To improve the consistency and performance of machine learning operations on Android, Google announced Android’s “updateable, fully integrated ML inference stack” at last year’s Google I/O. First, Google planned to bundle a TensorFlow Lite runtime with Play Services, so developers would no longer need to bundle it with their own apps. Second, Google moved the NNAPI runtime from the core OS framework to a modular system component in APEX format, allowing for updates to be delivered through Google Play. Finally, Google worked with Qualcomm and promised that updates to NNAPI drivers will be rolled out via Google Play Services on devices running Android 12. Qualcomm also committed to backporting new features for the commercial lifetime of a chipset and to delivering updates that would be backward compatible with older Snapdragon chipsets. The Android ML team seemed to have a plan to solve NNAPI fragmentation, but it seems that the exact mechanism of driver update delivery is still a work in progress.

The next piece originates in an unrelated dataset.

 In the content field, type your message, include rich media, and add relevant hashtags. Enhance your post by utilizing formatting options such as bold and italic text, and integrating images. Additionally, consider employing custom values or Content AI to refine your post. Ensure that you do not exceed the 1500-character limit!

Following Google’s announcement at I/O, the Android ML team submitted multiple patches to AOSP that reverted the code changes that enabled updatable NNAPI drivers. The commit description for one of these patches stated that the Android ML team had delayed their updatable platform driver plans to Android 13. The patches would have added a new shared library called libneuralnetworks_shim, which would have allowed the Android team to update the calls in the libneuralnetworks library by shimming them. These patches came mere days after Google and Qualcomm had announced that NNAPI driver updates would roll out to devices running Android 12, yet no public announcements of this delay to Android 13 were ever made.

This week, however, the Android ML team submitted new patches that remove all remaining isUpdatable queries in the NNAPI runtime and HAL. The purpose of these patches, as explained in their commit descriptions, is to remove existing code related to NNAPI updatability as the Android ML team “ultimately did not move forward with its updatability plans.” The Android ML team “originally planned to have updated platform drivers delivered through GMSCore,” which refers to Google Play Services. This statement is in line with what Google and Qualcomm announced last year, so it seems the Android ML team has more work to do before they’re ready to ship updatable NNAPI drivers.

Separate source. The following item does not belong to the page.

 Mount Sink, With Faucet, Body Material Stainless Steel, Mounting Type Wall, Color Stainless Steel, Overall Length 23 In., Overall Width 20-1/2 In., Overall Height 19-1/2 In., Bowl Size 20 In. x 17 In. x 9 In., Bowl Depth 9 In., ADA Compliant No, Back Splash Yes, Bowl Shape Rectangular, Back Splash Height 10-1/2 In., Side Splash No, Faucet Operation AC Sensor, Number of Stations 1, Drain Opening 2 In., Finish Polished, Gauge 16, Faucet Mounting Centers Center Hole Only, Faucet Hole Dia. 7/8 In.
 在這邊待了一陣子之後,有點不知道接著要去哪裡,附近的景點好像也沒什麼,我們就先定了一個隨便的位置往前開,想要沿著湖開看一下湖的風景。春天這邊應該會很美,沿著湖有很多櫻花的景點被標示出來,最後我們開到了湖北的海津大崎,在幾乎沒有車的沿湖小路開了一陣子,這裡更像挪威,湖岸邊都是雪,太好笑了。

However, Oli Gaymond, Product Lead on the Android ML team, has confirmed that Google still plans to ship updatable NNAPI drivers. “There have been some design changes,” he said on Twitter, adding that the team is “currently in testing.” When asked if updated NNAPI platform drivers will be delivered via GMSCore, he stated that “they will still be delivered via Play Services”, adding that Play Services “remains a key part of our distribution plan to give developers as consistent an experience as possible across OS versions and push updates faster.” Google currently delivers updates to the TensorFlow Lite runtime and NNAPI runtime via GMSCore, so this statement is consistent with how the company currently utilizes GMSCore for NNAPI updates.

It is unclear what, if any, architectural changes have been made to enable NNAPI driver updates, but we will monitor AOSP and developer documentation to find out.

I would like to thank developer Luca Stefani for informing me about the recent NNAPI code changes.

This article and its title were updated at 2:00 PM PT on 2/21/2022 to reflect additional information brought to light by the Product Lead on the Android ML team. It was updated again at 12:58 PM PT on 2/23/2022 to add confirmation that NNAPI driver updates will still be delivered via Play Services.